In [1]:
import numpy as np
import h5py
import cv2

## Open File

In [3]:
with h5py.File('dataset_ts.hdf5', 'r') as f:
    # Extracting saved arrays for training by appropriate keys
    # Saving them into new variables
    x_train = f['x_train']  # HDF5 dataset
    y_train = f['y_train']  # HDF5 dataset
    # Converting them into Numpy arrays
    x_train = np.array(x_train)  # Numpy arrays
    y_train = np.array(y_train)  # Numpy arrays

    # Extracting saved arrays for validation by appropriate keys
    # Saving them into new variables
    x_validation = f['x_validation']  # HDF5 dataset
    y_validation = f['y_validation']  # HDF5 dataset
    # Converting them into Numpy arrays
    x_validation = np.array(x_validation)  # Numpy arrays
    y_validation = np.array(y_validation)  # Numpy arrays

    # Extracting saved arrays for testing by appropriate keys
    # Saving them into new variables
    x_test = f['x_test']  # HDF5 dataset
    y_test = f['y_test']  # HDF5 dataset
    # Converting them into Numpy arrays
    x_test = np.array(x_test)  # Numpy arrays
    y_test = np.array(y_test)  # Numpy arrays

## Generate gray images from RGB

In [4]:
# Converting all images to GRAY by OpenCV function
x_train = np.array(list(map(lambda x: cv2.cvtColor(x, cv2.COLOR_RGB2GRAY), x_train)))
x_validation = np.array(list(map(lambda x: cv2.cvtColor(x, cv2.COLOR_RGB2GRAY), x_validation)))
x_test = np.array(list(map(lambda x: cv2.cvtColor(x, cv2.COLOR_RGB2GRAY), x_test)))

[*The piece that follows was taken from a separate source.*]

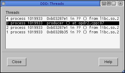 De toestand van de verschillende threads kan ook zichtbaar gemaakt worden

# Extending dimension from (n, height, width) to (n, height, width, one channel)
x_train = x_train[:, :, :, np.newaxis]
x_validation = x_validation[:, :, :, np.newaxis]
x_test = x_test[:, :, :, np.newaxis]

In [6]:
# Check point
# Showing shapes of Numpy arrays with RGB images
print('Numpy arrays of Custom Dataset')
print(x_train.shape)
print(x_validation.shape)
print(x_test.shape)
print()

Numpy arrays of Custom Dataset
(36288, 48, 48, 1)
(12440, 48, 48, 1)
(3111, 48, 48, 1)



## Preprocessing technique: Normalizing image pixels

In [7]:
# Implementing normalization by dividing images pixels on 255.0
# Purpose: to make computation more efficient by reducing values between 0 and 1
x_train_255 = x_train / 255.0
x_validation_255 = x_validation / 255.0
x_test_255 = x_test / 255.0

## Write into a new file

In [8]:
with h5py.File('dataset_custom_gray_255.hdf5', 'w') as f:
    # Calling methods to create datasets of given shapes and types
    # Saving Numpy arrays for training
    f.create_dataset('x_train', data=x_train_255, dtype='f')
    f.create_dataset('y_train', data=y_train, dtype='i')

    # Saving Numpy arrays for validation
    f.create_dataset('x_validation', data=x_validation_255, dtype='f')
    f.create_dataset('y_validation', data=y_validation, dtype='i')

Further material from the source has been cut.